Radical and extreme cross--many miss its point altogether. Last Sunday I and my dear wife went to the bookstore at SM for some gifts she had to give to a friend in Cebu. While she was choosing what to buy I strolled along the rows of bookshelves at the other end of the store--particularly the shelves where the inspirational books were kept.
I saw this book..."The Radical Cross" by AW Tozer. Tozer is among my favorite authors so I browsed it and bought it. I have come to love the deeper meanings of the cross. The cross is meant to make you radical and extreme like Jesus. It's designed to be born by all true believers, not just to identify ourselves with Christ, but to be destroyed.
The Jesus cross is destruction...destruction of the flesh and all its cravings, accomplishments, trophies, mindset, self-importance, religion, and even church ministries. Churches use it today to attract people who are fond of looking for a church--not looking for God. If you're looking for God, you begin to understand the need to die to self, and allow God to destroy your flesh, your ego, especially the church that the ego built.
The cross of Jesus that he tells you to carry daily cannot but make you radical and extreme. So radical and extreme that you go all the way with God to the desert where no man dares to be or to live and where terrible dangers lurk. You even go to the shadow of the valley of death.

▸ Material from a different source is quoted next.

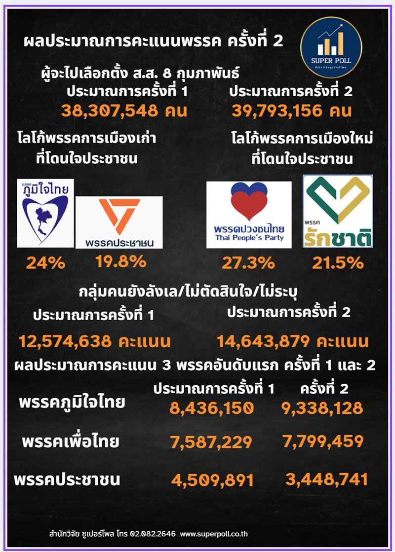 วันที่ 28 ธันวาคม 2568 สำนักวิจัยซูเปอร์โพล เปิดเผยรายงานผลการสำรวจ เรื่อง หลักสถิติ ประมาณการแนวโน้มคะแนนเสียงของพรรคการเมืองครั้งที่ 2 สำรวจจากกลุ่มตัวอย่างประชาชนทุกสาขาอาชีพทั่วประเทศ จำนวนทั้งสิ้น 1,253 ตัวอย่าง โดยใช้หลักสถิติประมาณการคะแนนเสียงในระดับประเทศ อาศัยประสบการณ์และแบบจำลองเชิงสถิติที่เคยใช้มาแล้วในอดีต เช่น กรณีการเลือกตั้งผู้ว่าราชการกรุงเทพมหานคร ที่โพลชี้ว่านายชัชชาติ สิทธิพันธุ์ จะได้รับคะแนนประมาณ 1.2 ล้านเสียง ขณะที่ผลการนับคะแนนจริงอยู่ที่ประมาณ 1.3 ล้านเสียง รวมถึงกรณีการทำโพลลงประชามติรับร่างรัฐธรรมนูญปี 2560 พบว่า คนจะรับร่างรัฐธรรมนูญ 61.5 และ กกต.ประกาศผลจริงว่า คนรับร่างรัฐธรรมนูญ 61.4 โดยดำเนินการศึกษาครั้งนี้ระหว่างวันที่ 25 – 27 ธันวาคม 2568 ที่ผ่านมา ช่วงความคลาดเคลื่อนจากการกำหนดขนาดตัวอย่าง +/- ร้อยละ 5

Others just stop at treading on green pastures--they never venture out further with Jesus, the Shepherd, into the wilderness. Jesus dared go with the Father to the wilderness and ended up not just full of the Holy Spirit but in the power of the Holy Spirit. The church only gets as far as being in the fullness of the Spirit and never experience being in the power of the Spirit and defeating Satan in his own territory because it dreads being radical and extreme with Jesus Christ.
The cross means continuing in Jesus even in the face of life adversities. Jesus takes away a lot of things in your life and you still dare go with him deeper into the wilderness. Others enjoy life in this world while you begin to hate life in this world. And sometimes, that can make you wonder why God seems to be "cruel" with you but generous and kind with others, especially the wicked.
Jesus was in the midst of a laughing and mocking multitude who were free from suffering when he cried to the Father, "Why have you forsaken me?" He suffered so radically and to the extreme, and we are called to not just believe in him but also suffer the same radical and extreme cross, not for sin's expiation but as a mark of true Jesus' discipleship.
Yeah, I know all this and more, but sometimes, when the going gets too tough, I'm still inclined to ask what kind of life is this when I hate life because of the things that happen which my mind fails to understand. But I just surrender to God after. Thanks, God, for that sustaining grace.